So, now that you've seen and read up on the unboxing of the latest model of the iPad, let's take a look at iFixit's teardown of the magical, revolutionary, and 3G-enabled tablet from Apple. While the majority of it shows the same old, same old (it is, after all, an iPad), there's a few tricks that Apple was obviously holding up their sleeve for just this moment. And, just as you can see from the speed test we ran, it looks like Apple may have hit this one out of the ballpark.

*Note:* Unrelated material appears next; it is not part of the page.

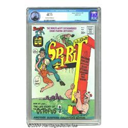 The Spirit #2 Pacific Coast Pedigree (Harvey, 1967) CGC NM+ 9.6 Off-white to white pages. Tough to find second issue of this Will Eisner masterpiece. The nearly perfect condition is verified by CGC, no other certified copies of this issue have been graded higher to date. Overstreet 2003 NM 9.4 value = $70. Important notice: Heritage usually auctions material at the rate of 200-250 lots per hour. On some occasions eBay Live bid software or the Internet may not be able to keep up with the pace of the auction. We recommend placing a realistic absentee bid now as insurance to avoid disappointment. Occasionally the auctioneer may eliminate or reject an eBay Live bid, and the auctioneer may also reopen a lot after the close of the eBay live bidding (usually because we missed an audience bid), and may reject your bid even if it shows you as the winning bidder. By bidding via eBay Live, you agree that Heritage may award the lot to another bidder at its sole discretion under the circumstances described above or any other reasonable circumstances. Since eBay bids are not shown to us until we open the lot on the floor, we treat those bids just like floor bids. In most cases the floor responds before the eBay bid is presented to us, due to Internet lag time, so for consistency we have made it a policy that floor bids are always considered first over tie eBay live bids. Also please note that all Heritage lots purchased through eBay Live carry a 20% Buyer's Premium. Please make sure you read the Terms and Conditions before you bid.
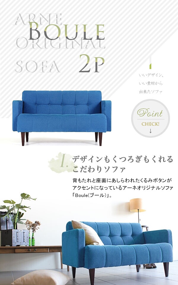 ソファー 2人掛け 北欧 2人 リビング おしゃれ 人気 Boule 2P カレイド生地 □

As you may have already surmised, most of the major differences lie in the fact that the iPad WiFi + 3G has that 3G connectivity embedded within. Additionally, you also get some GPS functionality, which means you can take advantage of the navigation apps that will start making their way into th iPad App store. The most notable change, one of which you don't even need to open to see, is the plastic RF window at the top of the iPad, which optimizes the cellular connection, which provides a better antenna reception.
When they got inside, they found there's actually five antenna's in the iPad. There's two that handle the actual cell reception: one in the LCD frame, and the other obviously under the black plastic RF window at the top. Apple has chosen to use the same 3G baseband processor in the iPad as they do in the iPhone 3GS. So Apple is obviously a fan of mounting multiple antennas, just as they mounted a wireless antenna to the frame of the optical drive in the new MacBook Pros, which is something we can agree with. Anything to better our WiFi signals.